As discussed in previous calls, we generate revenues from 2 existing operating divisions. With the acquisition completed in September of 2012, the company is now reporting TCEP results within the Black Oil division. The figures I'll reference on this call take into account the change in reporting so that last year's Q2 figures represent an appropriate comparison to this year's Q2 figures.

Black Oil division revenue for Q2 2013 was $20.9 million as compared to $22.3 million in the second quarter of last year. This decrease in Black Oil revenue is attributable to a decrease in commodity prices, which again was somewhat offset by an 8% volume increase on a year-over-year basis.

TCEP, which again is a business unit within our Black Oil division, generated $10.2 million in revenue for Q2 2013 versus $12.4 million in Q2 2012. This 17% year-over-year decrease was driven by lower commodity prices and an 8% decline in volume. The lower volume is attributable to downtime at the facility related to the implementation of TCEP process modifications designed to optimize production and reduce future costs.

The Refining & Marketing division produced revenue of $14.2 million in the second quarter versus $9 million in Q2 2012. This represents a 58% increase over the prior year period, which is primarily attributable to a 48% increase in volume. This is a normalization of the volumes year-to-date. In addition, it reflects the normalization of volumes that were missed in the first quarter due to the planned turnarounds that were scheduled for the Refining & Marketing business.

Our gross profit increased in the second quarter to $2.55 million compared to $751,000 during the same period last year. This 240% increase was driven primarily by our ability to source feedstock at a lower cost, which Ben mentioned earlier in the call.

Looking at these results by division. Our gross profit for the Black Oil division was $1.15 million for the quarter, a 458% increase over last year's Q2 gross profit of approximately $205,000. TCEP had a gross profit of $543,411 in Q2 2013 compared to a negative gross profit of approximately $395,000 a year ago.

The Refining & Marketing division generated gross profit of $1.41 million for the quarter, a 158% increase compared to Q2 2012's gross profit of $546,000.

Selling, general and administrative expenses increased in Q2 2013 relative to the second quarter last year due to the significant increase in our staff from 12 to 102 employees as a result of our acquisition. Our second quarter SG&A expense was $2.4 million versus $919,000 for Q2 2012.
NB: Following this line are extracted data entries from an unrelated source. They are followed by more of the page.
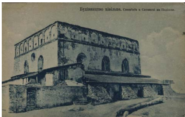
Рис. 7. Будівництво цивільне. Синагога в Сатанові на Поділлі. Коломия: Видавниче Т-во «Друкар» і «Галицька накладня», [1918].

Упродовж 1918–1919 рр. київське видавництва «Друкар» і «Галицька накладня» Я. Оренштейна надрукували понад 180 художніх поштівок у тематичному циклі «Українське мистецтво». Добірка серії «Будівництво цивільне» цього циклу складається з 15 художніх поштівок, що знайомили глядача з пам'ятками єврейської архітектури України XVI–XVIII ст.: оборонною синагогою в містечку Сатанові та заїздом у Фельштині (Монолатій, 2015: 158–160). Збудована в 1530-х рр., Сатанівська синагога мала вигляд невеличкого замку з високими мурами та міцним склепінням на вершці (рис. 7). Це склепіння ховалося за високими аттиком із маленькими стрільницями, а нижчі стіни мали великі вікна з напівкруглими верхами. Із західного боку вона мала прибудову для жіночого відділу.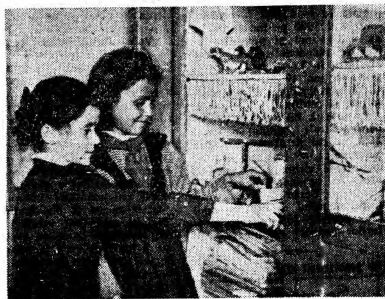
La Școala de 7 ani nr. 1 Lupeni a fost amenajat de curînd un nou colț al camerei muzeu. Într-un dulap special, au fost aranjate în ordine multiple eșantioane de diferite minereuri, folosite ca material didactic. Zilnic, în fața acestui dulap se opresc mulți elevi care privesc eșantioanele de minereuri.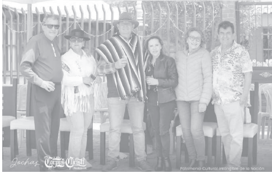
■ Los pujilenses residentes en Quito fueron jochados para la Noche Romántica.

Esta importante designación representa un reconocimiento al permanente aporte de los pujilenses residentes fuera del cantón, quienes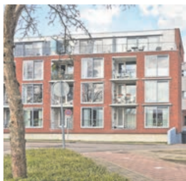
Gerberastraat 35 Aalsmeer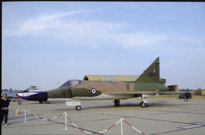
En 1969, la Grèce a acquis 24 F-102 Delta Dagger , dont 5 biplaces.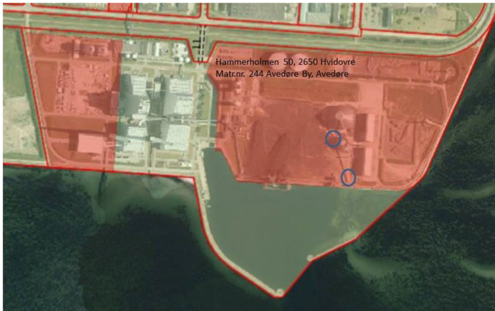
Figur 1. Oversigtskort. Det røde område er depot for flyveaske/slagge der er V2-kortlagt. De to blå cirkler viser dels udvidelsen af det eksisterende tankanlæg (nord) samt placering af brandvandspumpehuset (syd).

Samlet opgravning fra området forventes at være ca. 50 m 3 .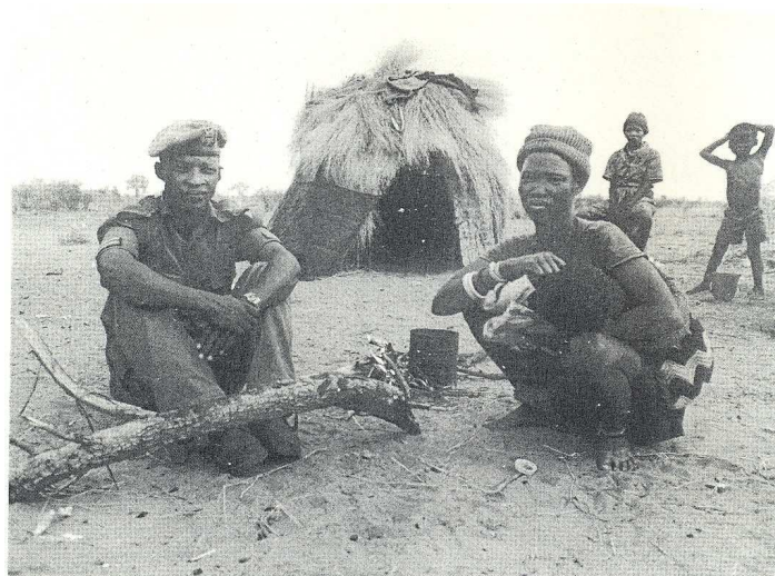
Ein Corporal der Buschmann-Einheiten mit seiner Ehefrau in Ruhestellung. Sein Abzeichen an der Kopfbedeckung ist ein Rhino und symbolisiert SWATF (Einsatzkommando nördlich der roten Linie). Die Aufnahme entstand nahe Tsumkwe im heutigen Namibia Gebiet.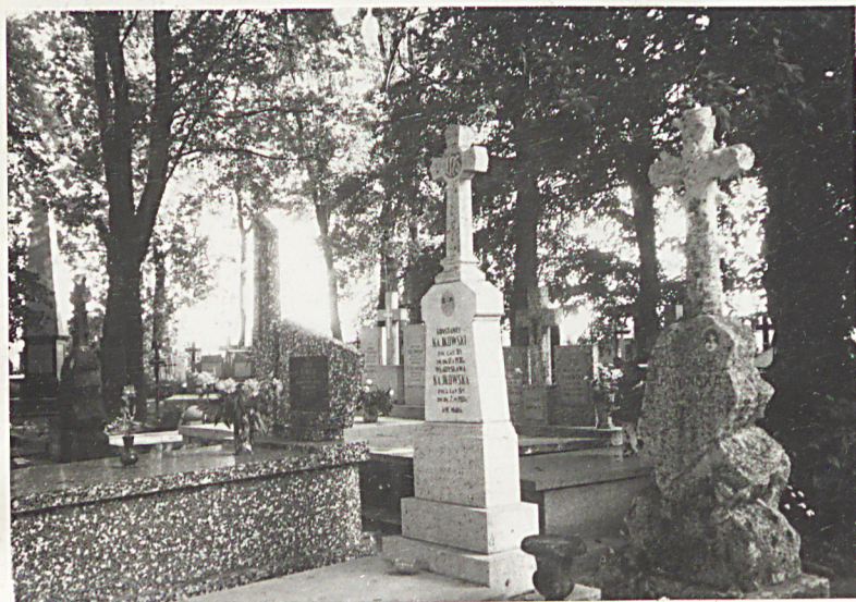
FOT.5 - STARE NAGROBKI W ZACHOD- NIEJ CZĘŚCI CMENTARZA

On a go forward basis, we anticipate SG&A being higher than in previous years because we are now a larger company. We are actively working on reducing our SG&A expenses and it is our belief that improved gross margins, associated with the benefit of collecting our own used oil for processing, will more than offset the increased SG&A associated with these collection efforts as we move forward.

Net income. We had net income of roughly $1.89 million or $0.10 per fully diluted share in the second quarter of this year. This was a significant increase compared to 2012's Q2 net loss of roughly $159,000, which represented a per fully diluted share figure of negative $0.02.

I want to point out that our Q2 2013 net income includes a noncash benefit to our bottom line. It has been determined that the 2013 earnings target associated with the performance-based portion of the acquisition completed in September will not be met. Therefore, we have reduced the contingent consideration on our balance sheet by $1.85 million. Net income would have been $41,000 for Q2 2013 without this adjustment.

I also want to point out that we do expect our performance to improve during the second half of the year. We believe that revenue for 2013 will be in the range of $140 million to $150 million, and net income will be between $4 million and $5 million or $0.25 to $0.30 per fully diluted share.

I'd like to now turn the call back over to Ben Cowart, our CEO.

Benjamin P. Cowart

Thank you, Chris. As we look ahead for the rest of this year, I want to share some of our thoughts and what transpired in the second quarter and where we see the business heading for the remainder of 2013.

We're now seeing the benefits of our acquisition materialized in our gross margins with increased -- which has increased across the board for this quarter, both in our Black Oil division and our Refining & Marketing division, as well as our TCEP business.

As we continue to grow our ability to collect our own used oil for processing, we expect these margins to show improvements. We are pleased with the 8% overall growth in our Black Oil division compared to last year. We're focused on growing our internal collections of used oil we collect ourself compared to last year as well. We're focused on growing these internal collections of used oil because we realized higher margins on our TCEP finished product made from used oil that we collect relative to margins on used oil that we aggregate from other collectors.

Although the overall generator volume across the country is shrinking, we are very pleased with the fact that our company's collected volume continues to grow, and we've experienced an 8% increase in our direct generator business compared to last year.

TCEP did not perform to our expectations during the second quarter for 2 specific reasons: one is prices for #6 Oil, this is the commodity that is most relevant to the pricing of our TCEP end product, it declined, which negatively impacted our price per barrel of finished product by 14% relative to the same quarter a year ago. We had -- number two, we had a greater-than-expected downtime associated with the implementation of our process improvements at our TCEP facility in Baytown, Texas. This facility was designed to increase production and reduce operating costs. As a result of this downtime, we processed less volume this quarter than anticipated. It is our belief that we will begin to see both improved throughput and decreased per barrel operating cost at TCEP in the fourth quarter of this year.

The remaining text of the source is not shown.